Shaw Communications Inc. Shaw raised bonuses for most of its top executives in a year in which it also laid off employees during the COVID-19 pandemic.
The company says in its recently filed proxy circular that chief executive officer Bradley Shaw received a bonus of $5.27-million, down slightly from a $5.47-million bonus in the previous year. Four other top-paid executives received bonuses ranging from $774,400 to $964,000. For three of the four executives, the bonus payment jumped by nearly $100,000 from the year prior.
Shaw is the first major Canadian company to report its executive-compensation decisions for a fiscal year that includes the pandemic. It shows the challenges companies face in deciding whether to pay executives based on annual financial targets set before the coronavirus closed down large sections of the world’s economy. Those who make too many adjustments to their formulas for calculating them, or pay too lavishly, may find themselves under scrutiny by major institutional investors.
In coming weeks, boards of directors will have to decide how to deal with business results affected by the pandemic – both on the upside and downside. The big Canadian banks had an Oct. 31 fiscal year-end, and most of the remaining major corporations close the books around Dec. 31.
Shaw says it modified its bonus plan because of COVID-19, dumping revenue as a basis of calculating the bonuses for some of its executives “due to the unprecedented impact of the COVID-19 pandemic and the disproportionate effect that it had on certain business divisions.” The revenue-based metrics were “distorted by externalities and less relevant in fiscal 2020,” according to the compensation committee of Shaw’s board.
The only financial metrics it used were measures of cash flow and profit. During the pandemic, Shaw laid off about 100 field technicians across British Columbia’s Lower Mainland as the company accelerated a shift to customers installing their own equipment. The cuts represented about 8 per cent of Shaw’s technician work force.

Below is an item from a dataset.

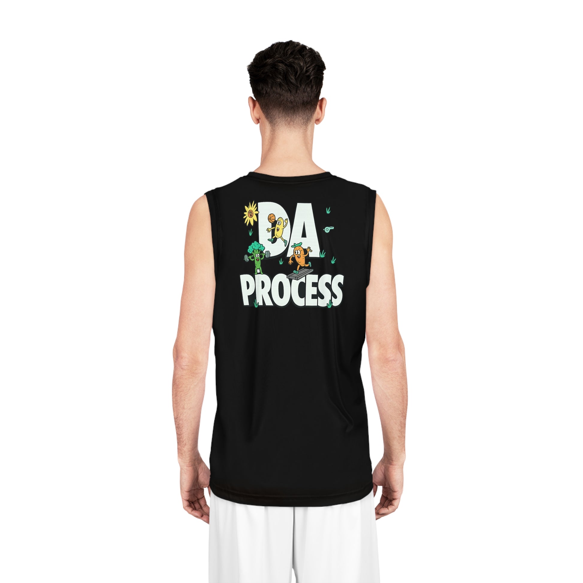 Lightweight and breathable, this basketball jersey moves with you — from pick-up games to hot summer practices. The black all-over panel keeps the look clean and minimal, while the back features a playful “DA PROCESS” graphic with small characters and nature accents that add personality without shouting. The extra-light, moisture-wicking polyester pulls sweat away fast and resists odor, so you stay focused and comfortable through full-court sprints and after-game hangouts. Reinforced double-needle seams and side seams give the silhouette reliable shape and durability, wash after wash. Whether you wear it for training, team drills, or casual street looks, it reads sporty and intentional — a subtle nod to the grind and the small moments that make progress.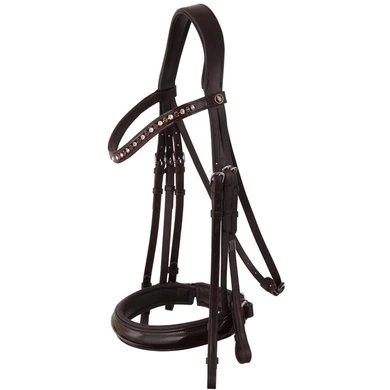 Symmetrisch hoofdstel met anatomisch gevormd kopstuk. Het kopstuk is heerlijk zacht gevoerd. De keelriem is verstelbaar met één gespsluiting aan de onderzijde. Het gebogen frondeel met lakleder is ingelegd met SWAROVSKI ELEMENTS en onderlegd met zacht leder. De extra brede aansnoerneusriem (circa 4.5 cm) met lakleder is rond gebombeerd, zacht gevoerd en voorzien van een brede, zacht gevoerde kaakbeschermer. Het hoofdstel is voorzien van blinde sluitingen en ronde, glanzende, zilverkleurige fournituren. Exclusief teugels.

Over the past two years, the company has been moving toward a self-service model, in which customers are sent gear such as modems and personal video recorders and instructions on how to install them. The global health crisis, which has made people wary of letting technicians into their homes, caused Shaw to speed up that shift.
The pandemic led to other cost reductions for telecom companies, as well. As stores temporarily closed during the first wave, fewer people shopped for phones, leading to reductions in device subsidies and sales promotions.
In response to questions from The Globe and Mail, Shaw pointed to July comments from chief financial officer Trevor English: “We didn’t have any significant huge one-time cost items related to COVID-19, and that being said, not a significant amount of cost savings related to temporary layoffs and people-related costs.” Shaw also said changes in the work force of field technicians “are a part of our long-term business plan and were not used to ‘boost’ our EBITDA performance.” (EBITDA is earnings before interest, taxes, depreciation and amortization.)
Shaw said it temporarily laid off about 1,000 workers during the pandemic, and recalled them by fall. Some employees were paid by Shaw, while others claimed the federal Canada Emergency Response Benefit “with a small top-up by Shaw,” the company said.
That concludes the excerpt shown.